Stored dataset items
_____

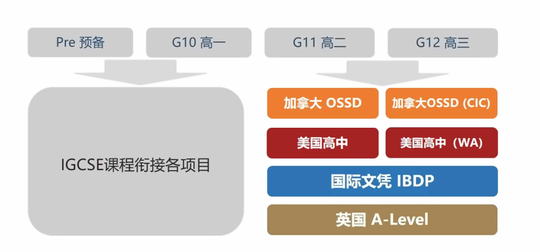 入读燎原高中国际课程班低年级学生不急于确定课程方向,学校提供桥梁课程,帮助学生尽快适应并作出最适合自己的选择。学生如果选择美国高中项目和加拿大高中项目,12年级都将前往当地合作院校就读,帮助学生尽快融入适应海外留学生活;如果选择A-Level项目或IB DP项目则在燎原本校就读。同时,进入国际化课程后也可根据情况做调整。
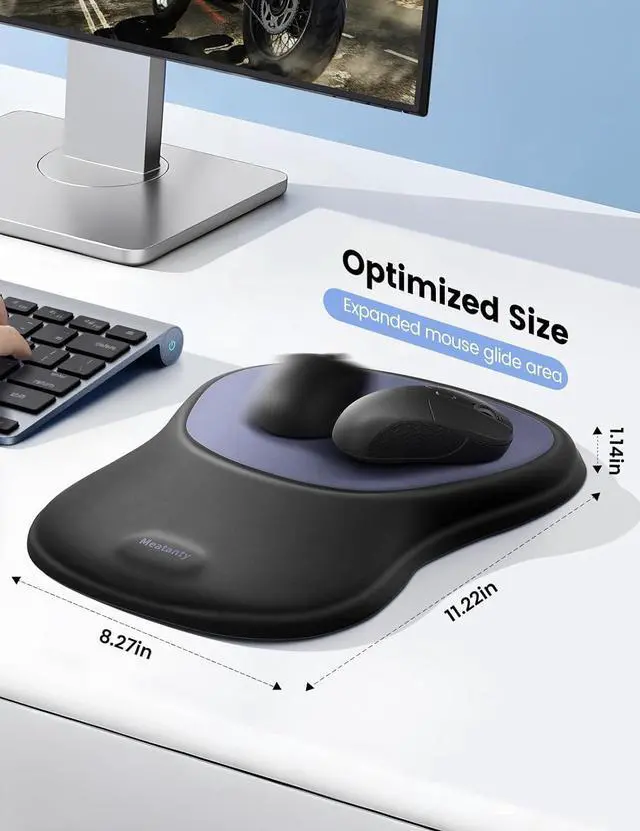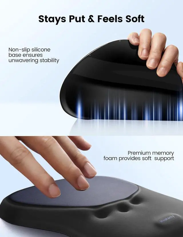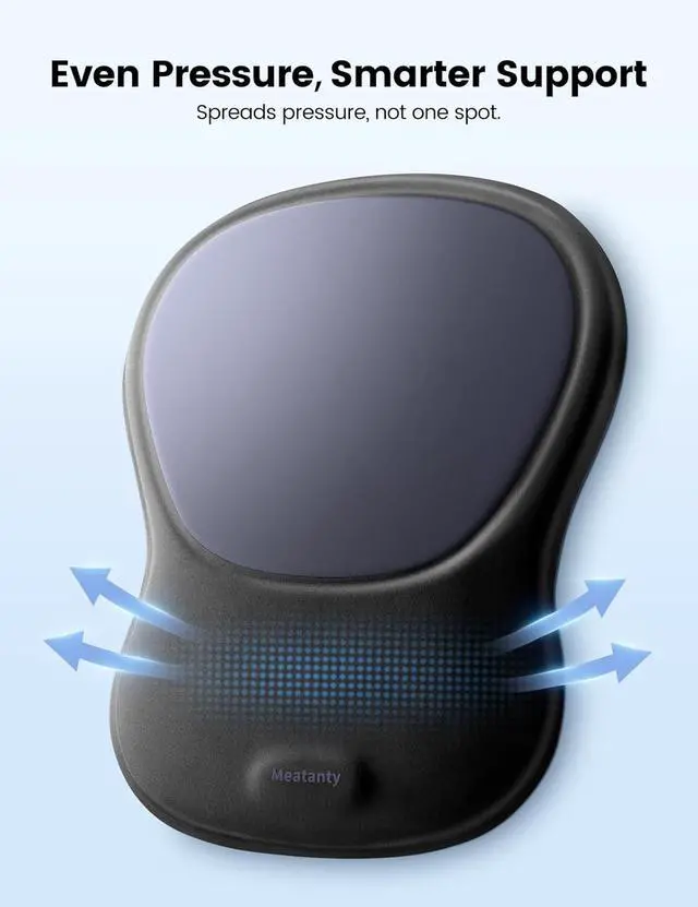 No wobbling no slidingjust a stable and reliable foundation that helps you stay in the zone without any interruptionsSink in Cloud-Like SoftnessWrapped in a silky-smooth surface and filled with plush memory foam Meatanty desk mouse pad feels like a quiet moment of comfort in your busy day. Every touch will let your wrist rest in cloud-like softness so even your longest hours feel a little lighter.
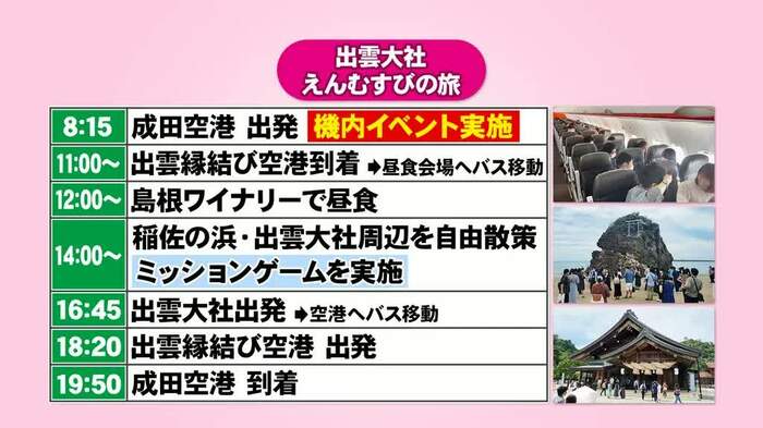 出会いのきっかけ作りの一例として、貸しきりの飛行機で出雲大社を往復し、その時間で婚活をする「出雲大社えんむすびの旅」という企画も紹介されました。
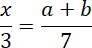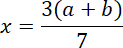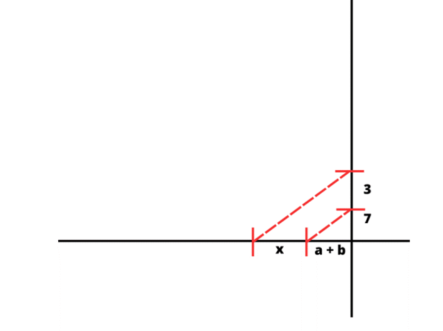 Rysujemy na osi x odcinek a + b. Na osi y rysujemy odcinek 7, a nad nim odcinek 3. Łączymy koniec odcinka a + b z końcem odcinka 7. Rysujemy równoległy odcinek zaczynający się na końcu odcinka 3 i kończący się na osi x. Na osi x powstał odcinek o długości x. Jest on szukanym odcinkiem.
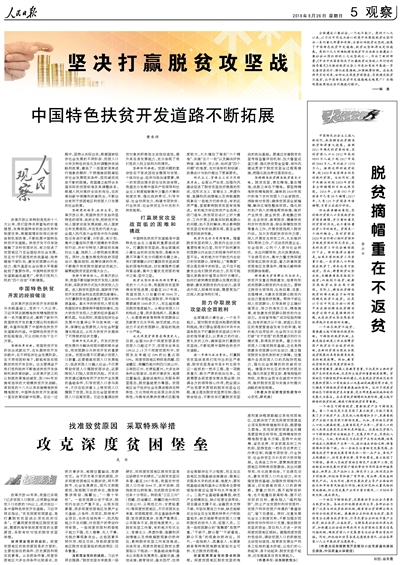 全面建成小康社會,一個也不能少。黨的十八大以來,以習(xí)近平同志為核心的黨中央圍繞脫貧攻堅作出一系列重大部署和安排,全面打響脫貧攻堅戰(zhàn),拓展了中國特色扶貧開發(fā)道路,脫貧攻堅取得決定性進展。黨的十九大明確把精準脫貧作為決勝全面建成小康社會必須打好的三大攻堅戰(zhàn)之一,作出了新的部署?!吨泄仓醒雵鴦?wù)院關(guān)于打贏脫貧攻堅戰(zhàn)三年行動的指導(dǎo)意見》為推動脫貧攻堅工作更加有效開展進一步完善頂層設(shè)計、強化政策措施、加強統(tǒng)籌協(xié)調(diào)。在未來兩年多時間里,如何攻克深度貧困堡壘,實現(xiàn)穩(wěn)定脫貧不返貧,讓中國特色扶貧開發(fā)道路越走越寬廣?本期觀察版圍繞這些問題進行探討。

_____

Give the entries again without a single change, but with no pictures.

 入读燎原高中国际课程班低年级学生不急于确定课程方向,学校提供桥梁课程,帮助学生尽快适应并作出最适合自己的选择。学生如果选择美国高中项目和加拿大高中项目,12年级都将前往当地合作院校就读,帮助学生尽快融入适应海外留学生活;如果选择A-Level项目或IB DP项目则在燎原本校就读。同时,进入国际化课程后也可根据情况做调整。
 No wobbling no slidingjust a stable and reliable foundation that helps you stay in the zone without any interruptionsSink in Cloud-Like SoftnessWrapped in a silky-smooth surface and filled with plush memory foam Meatanty desk mouse pad feels like a quiet moment of comfort in your busy day. Every touch will let your wrist rest in cloud-like softness so even your longest hours feel a little lighter.
 出会いのきっかけ作りの一例として、貸しきりの飛行機で出雲大社を往復し、その時間で婚活をする「出雲大社えんむすびの旅」という企画も紹介されました。
 Rysujemy na osi x odcinek a + b. Na osi y rysujemy odcinek 7, a nad nim odcinek 3. Łączymy koniec odcinka a + b z końcem odcinka 7. Rysujemy równoległy odcinek zaczynający się na końcu odcinka 3 i kończący się na osi x. Na osi x powstał odcinek o długości x. Jest on szukanym odcinkiem.
 全面建成小康社會,一個也不能少。黨的十八大以來,以習(xí)近平同志為核心的黨中央圍繞脫貧攻堅作出一系列重大部署和安排,全面打響脫貧攻堅戰(zhàn),拓展了中國特色扶貧開發(fā)道路,脫貧攻堅取得決定性進展。黨的十九大明確把精準脫貧作為決勝全面建成小康社會必須打好的三大攻堅戰(zhàn)之一,作出了新的部署?!吨泄仓醒雵鴦?wù)院關(guān)于打贏脫貧攻堅戰(zhàn)三年行動的指導(dǎo)意見》為推動脫貧攻堅工作更加有效開展進一步完善頂層設(shè)計、強化政策措施、加強統(tǒng)籌協(xié)調(diào)。在未來兩年多時間里,如何攻克深度貧困堡壘,實現(xiàn)穩(wěn)定脫貧不返貧,讓中國特色扶貧開發(fā)道路越走越寬廣?本期觀察版圍繞這些問題進行探討。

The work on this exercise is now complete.